From: Kenneth Wolman <kenneth.wolman@-----.net>
Subj: RE: [kl] newbie questions about restarting Clarinet playing
Date: Fri, 21 Mar 2003 22:34:45 -0500

>>
>>They (B-45 included) squeak too easily for me. I had a B-45
>>resurfaced, and this did not solve the problem for me.
>
>I like the sound but can't deal with the intonation problems. Although I
>do have a B-46 that works great to counteract a bad intonation problem
>(very sharp altissimo) on one clarinet I own.

Well, the Noblet 40 showed up a week ago and I've been back at it hot and
heavy. If this is LeBlanc's intermediate-grade instrument, I'd hate to try
one of their more expensive clarinets. I love the thing.

That said, mouthpieces...and me offering opinions I don't have:-). After
reading some of the stuff about mouthpieces that has been on here, I got
the instrument out and ran through several of the mouthpieces. No one is
the same. For me at this point in my redevelopment, the medium-faced Pyne
requires much more skill than I have most days--but I've lately discovered
that it sounds wonderfully with a No. 2 reed and will probably accept 3 or
harder when my mouth is properly vulcanized.
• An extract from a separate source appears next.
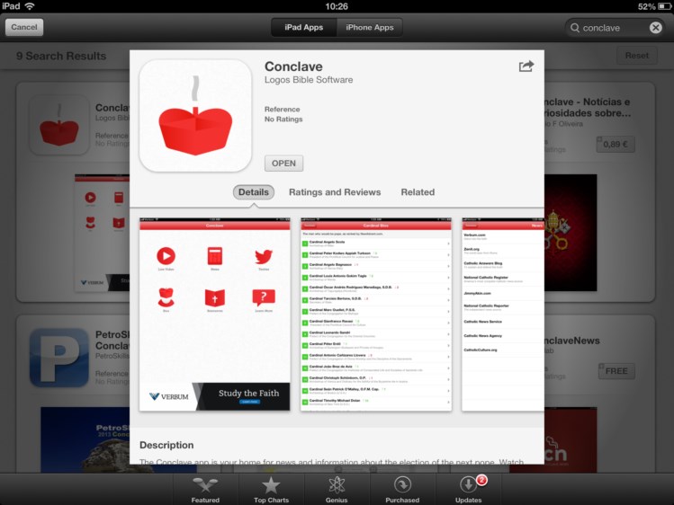 Se a pesquisa na App Store da Apple for feita por conclave, os resultados são mais modestos em número (12). E tanto num caso como no outro, nem todas as aplicações disponíveis estão efectivamente relacionadas com a eleição de um novo Papa.

The Pomarico Diamond and
Vandoren 5JB I got specifically for popular music--now I need really soft
reeds below No. 2. I own a Hite Premiere I bought in a Just Because moment
some years ago and I love the thing. I don't know why. It seems like an
excellent all-purpose mouthpiece. It is...here I get into trouble...what
the B45 would like to be. When I sold my Selmer Centered Tone back in
December, I had enough foresight ("Do not despair, you WILL get another
clarinet") to bundle the B45--and not because I think the B45 is terrible,
just that I could never find its true identity. That's a strange way of
saying it seemed to be a hybrid somewhere between a classical/chamber and
jazz mouthpiece. And I was not especially comfortable with it. At one
time or another it fought me in every register, and I was never quite sure
which reed was best for it or my evolution as a player.

Selling it was easy. Selling the clarinet ate me alive. BUT there too...a
discovery. The Noblet doesn't SEEM to play the same way as the Selmer. In
some ways I like the tone better, but I am an amateur moved closer to an
amateur instrument: the CT may just have been too much horn for me. It
appears from first playings to have an easier lower and middle register--as
it goes up top, more strain gets in there along with a need to control the
intonation. This in turn might affect how the mouthpieces play.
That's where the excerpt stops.